1.30pm: A group aged in their 50s lining up in Hong Hum also sported the Federation of Hong Kong Shenzhen Association shirts. One woman told the Post she was joining the march for fun, as part of a day trip.
When asked whether she knew what she was marching for, she replied: "I don't know, I'm just here to join the fun. I only know it's for anti-Occupy Central." When asked whether she knew what Occupy Central was, she shook her head.
1.25pm: Demonstrators this afternoon will be under close scrutiny, following accusations that a number of businesses have pressured employees to turn out on the streets, with inducements of time off work and the promise of free meals. Rumours suggest mainland tourists have also been mobilised to join the march. Organisers have rubbished the claims.

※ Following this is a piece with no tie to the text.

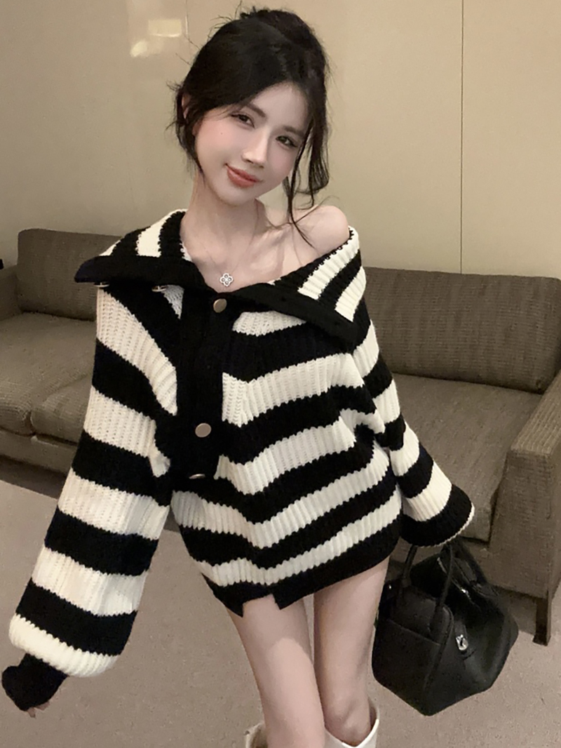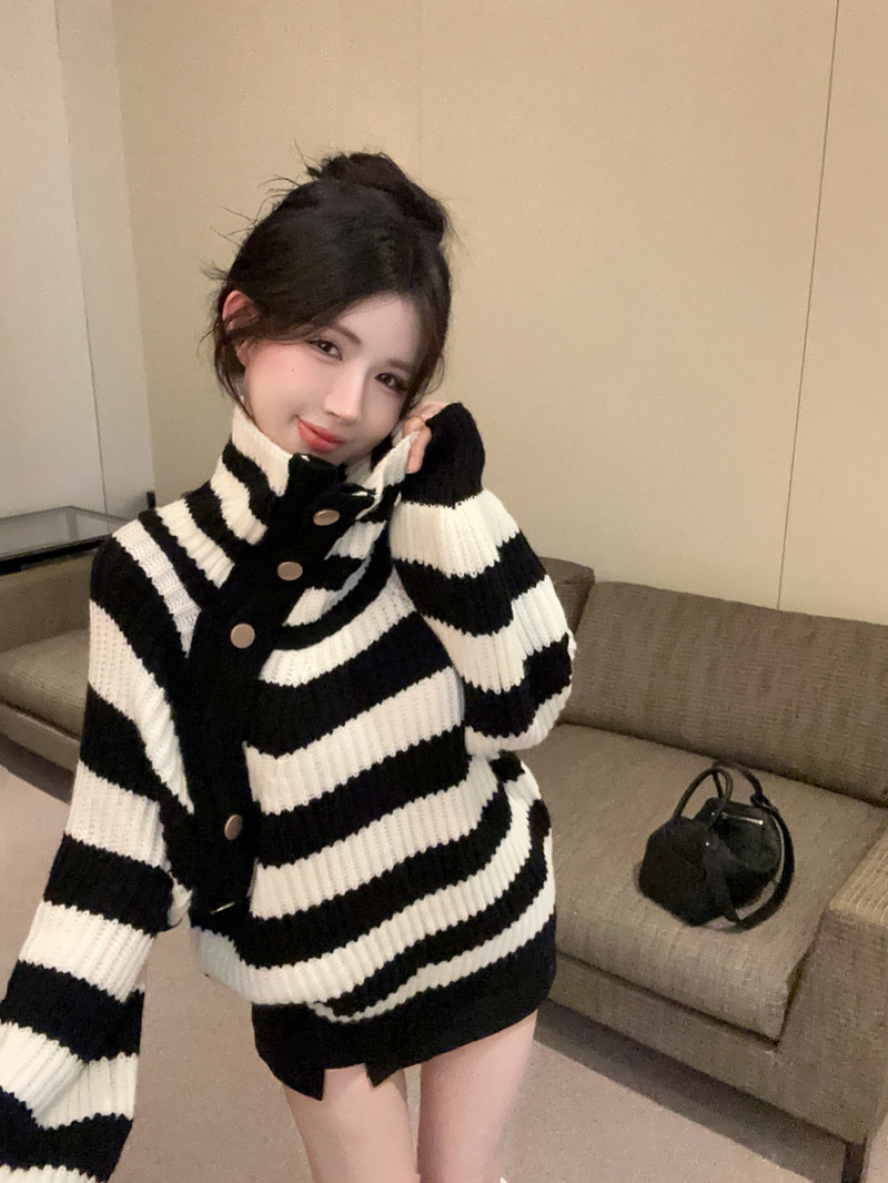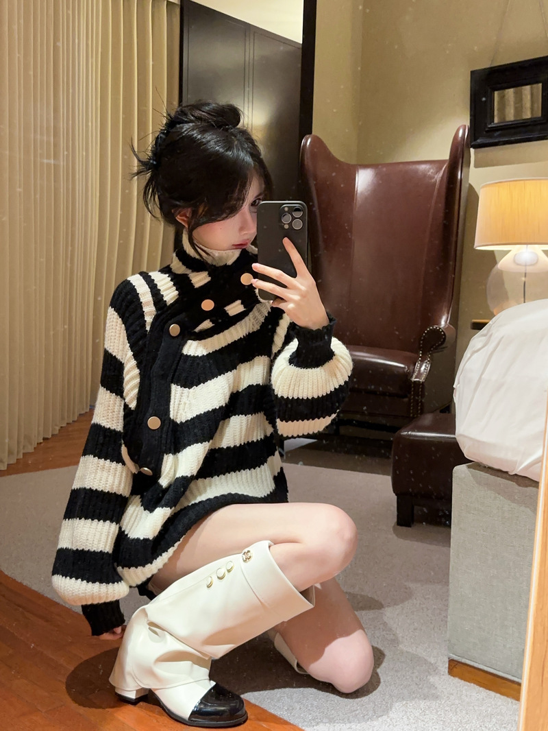 FA53662# 设计感条纹高领毛衣一字领慵懒毛衣上衣女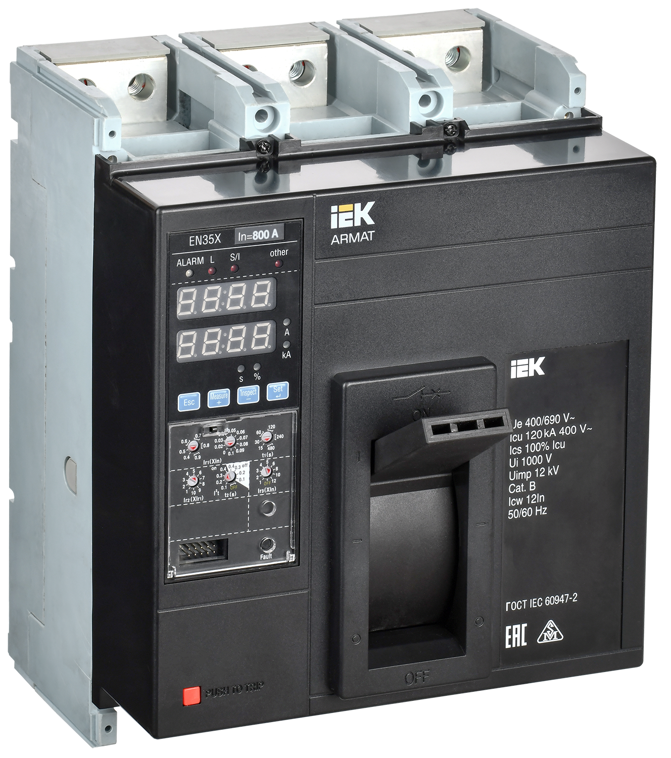 Наименование: ARMAT Автоматический выключатель в литом корпусе 3P типоразмер N 120кА 800А расцепитель электронный стандартный IEK

Earlier, members of the pro-establishment Federation of Hong Kong Shenzen Association squeezed onto a packed train wearing red polo shirts and red baseball caps. The man leading the group joked: "If you don't all get off in Causeway Bay I will be fired."
1.15pm: Good afternoon and welcome to scmp.com's live coverage of this afternoon's anti-Occupy Central protest. Organisers, the Alliance for Peace and Democracy, have predicted a turnout of 120,000 people. Demonstrators are currently gathering at Victoria Park, where they will march to Central. The actual turnout at the end of the day will be a hot topic as protest organisers and authorites often come up with wildly differing figures. This time, however, it will be fascinating to see whether the authorities play down the number of people of people on the streets.